Mittelwellenempfang in Deutschland

Früher hatten die Hausgemeinschaftsantennenanlagen noch Line-Verstärker mit LMK-Verstärkung. Mit Einführung des CB-Funks (1975) wurden diese Verstärker als Ursache für Einstreuungen des CB-Funks angesehen, und in der Folge nur passive LMK-Weichen verbaut. Schließlich fielen die LMK-Ruten auf den Dächern ganz weg, und damit die Einspeisung des LMK-Bereiches in die Hausantennenanlage. Die Einführung des CB-Funks hat also in gewisser Weise auch zur "Abschaltung" des Lang- und Mittelwellenbereiches beigetragen.
 
Wahnsinn wie das Thema doch wieder "Fahrt" aufnimmt. ;) Es ist halt schon irgendwie in den Köpfen.

Ich habe jetzt hier viele Argumente für und wieder gelesen. Fazit? Wird die Reaktivierung einer Frequenz für Deutschland in irgendwelchen höheren Gremien denn noch besprochen?

Ich denke an den Kosten kann es aktuell nicht mehr liegen. Es ist das sicherste Mittel in Katastrophen Fällen meiner Meinung nach immer noch.

Grüße
Steffen
 
Es ist das sicherste Mittel in Katastrophen Fällen meiner Meinung nach immer noch.
An entsprechenden MW-Empfängern mangelt es immer mehr.

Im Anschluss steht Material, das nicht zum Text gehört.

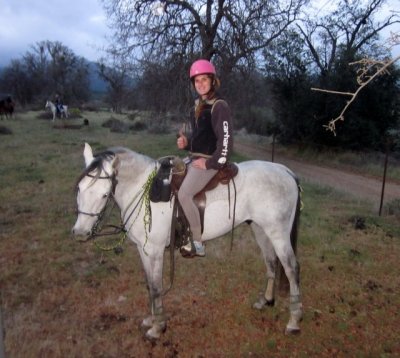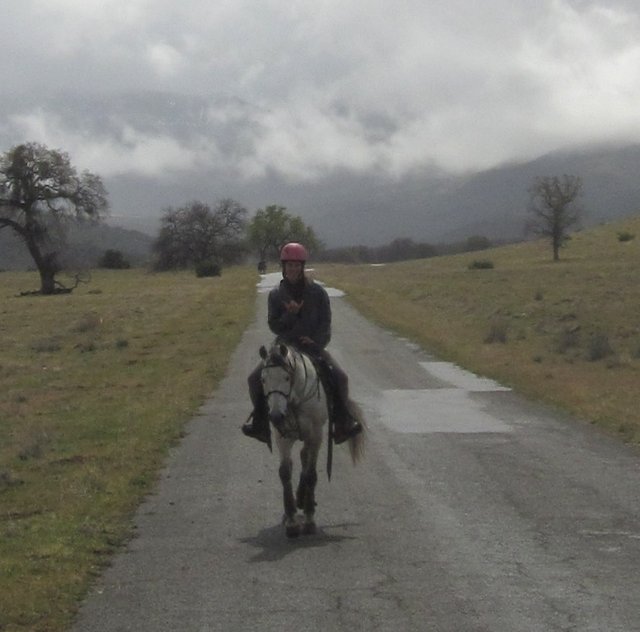We crossed another dry river bed and not long after under a tunnel under the highway that was just higher than our heads when mounted. It was a little unnerving jigging along under there with your head tucked down just to be sure, but it was a short tunnel and no harm done. A few miles later we got to do our trot-by poses for Lynn Glazer, though A and I both ended up cantering by. I’ve never had a cantering ride photo, thought it was worth a shot! We dragged into camp pretty soggy, cold, and hungry for the lunch stop and vetted right through. The horses got their coolers and blankets back on right away and Desire drank but didn’t eat very much, she had a few bites but mostly was napping.
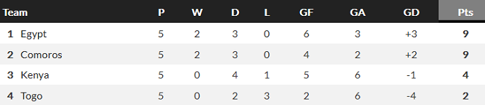 Ở lượt đấu thứ 5 vừa rồi, Ai Cập chỉ thu về 1 điểm từ trận hòa với tỷ số 1-1 với Kenya. ‘May’ cho Mohamed Salah cùng các đồng đội bởi họ vẫn giữ được vị trí đấu bảng trước khi lượt trận cuối cùng khởi tranh. Lý do: Comoros cũng chỉ có được 1 điểm từ trận hòa không bàn thắng với Togo.
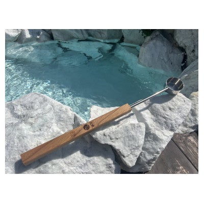 2022年熊本県菊池市にオープンした予約制の貸し切りサウナ施設「トトノウバイ」と、サウナーなら知らない人はいないといわれるサウナの聖地「サウナ&カプセルホテル北欧」のコラボで生まれた品。「サウナ&カプセルホテル北欧」でも、ロウリュウする際に実際に使用されているラドル(柄杓)です。柄にはケヤキの無垢材が使われています。
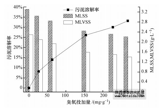 式中,[MLSS]o和[MLSS]t表示未經(jīng)臭氧處理及經(jīng)臭氧處理t時后污泥的MLSS(mg · L-1).
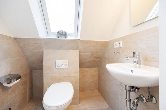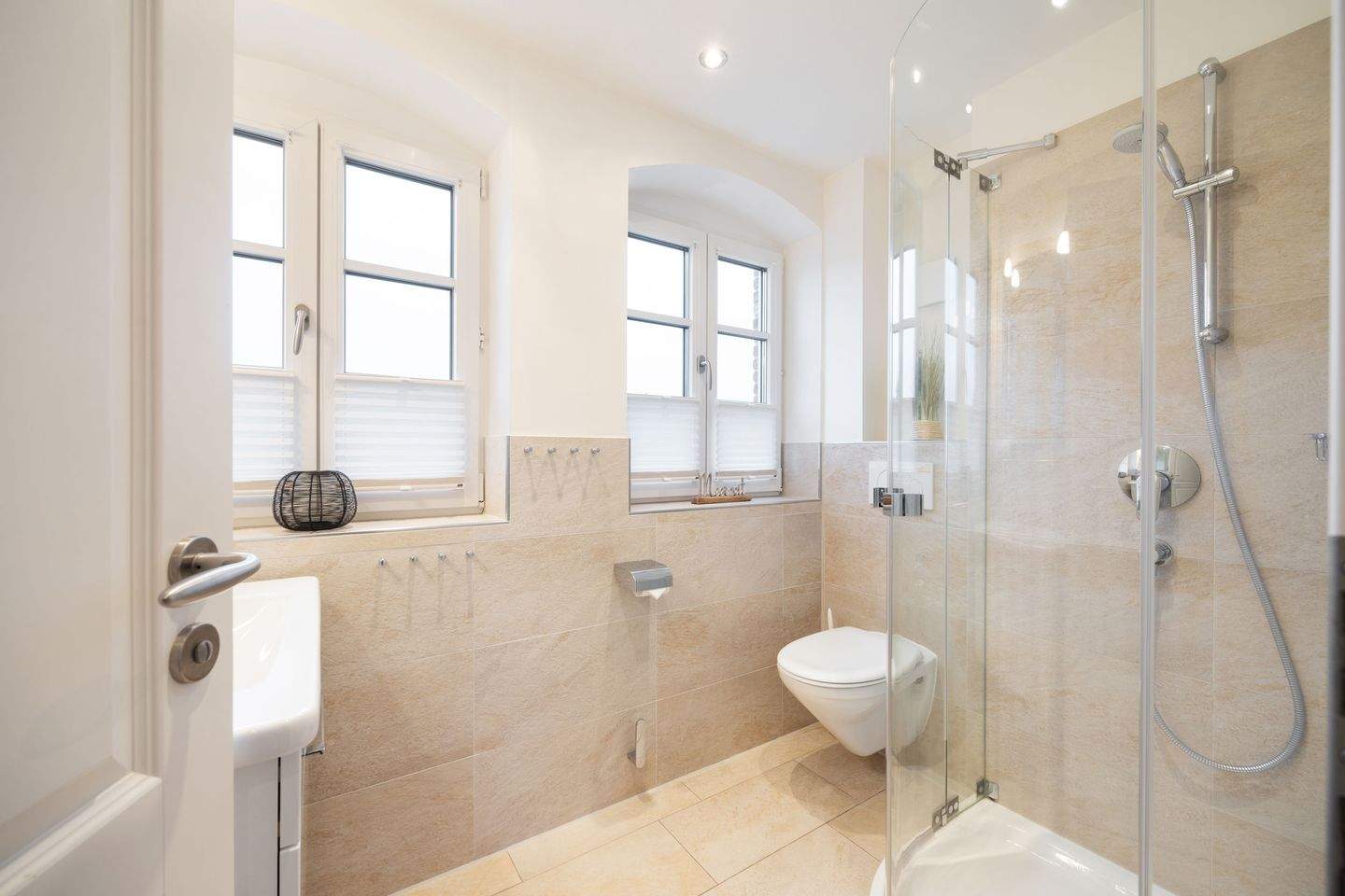 Badezimmer (Duschbad) mit Dusche, WC, Handtuchwärmer, Föhn und Tageslicht.

So ein sicheres Mittel ist das auch nicht. Sendemasten/-anlagen können auch beschädigt/zerstört werden/ausfallen. Da braucht man schon viele Ausweichmöglichkeiten. Wo sich dann Frage stellt, ist dies überhaupt noch gutes Mittel für den Katastrophenfall. Bislang sieht man das auch international nicht so, dass man es bräuchte.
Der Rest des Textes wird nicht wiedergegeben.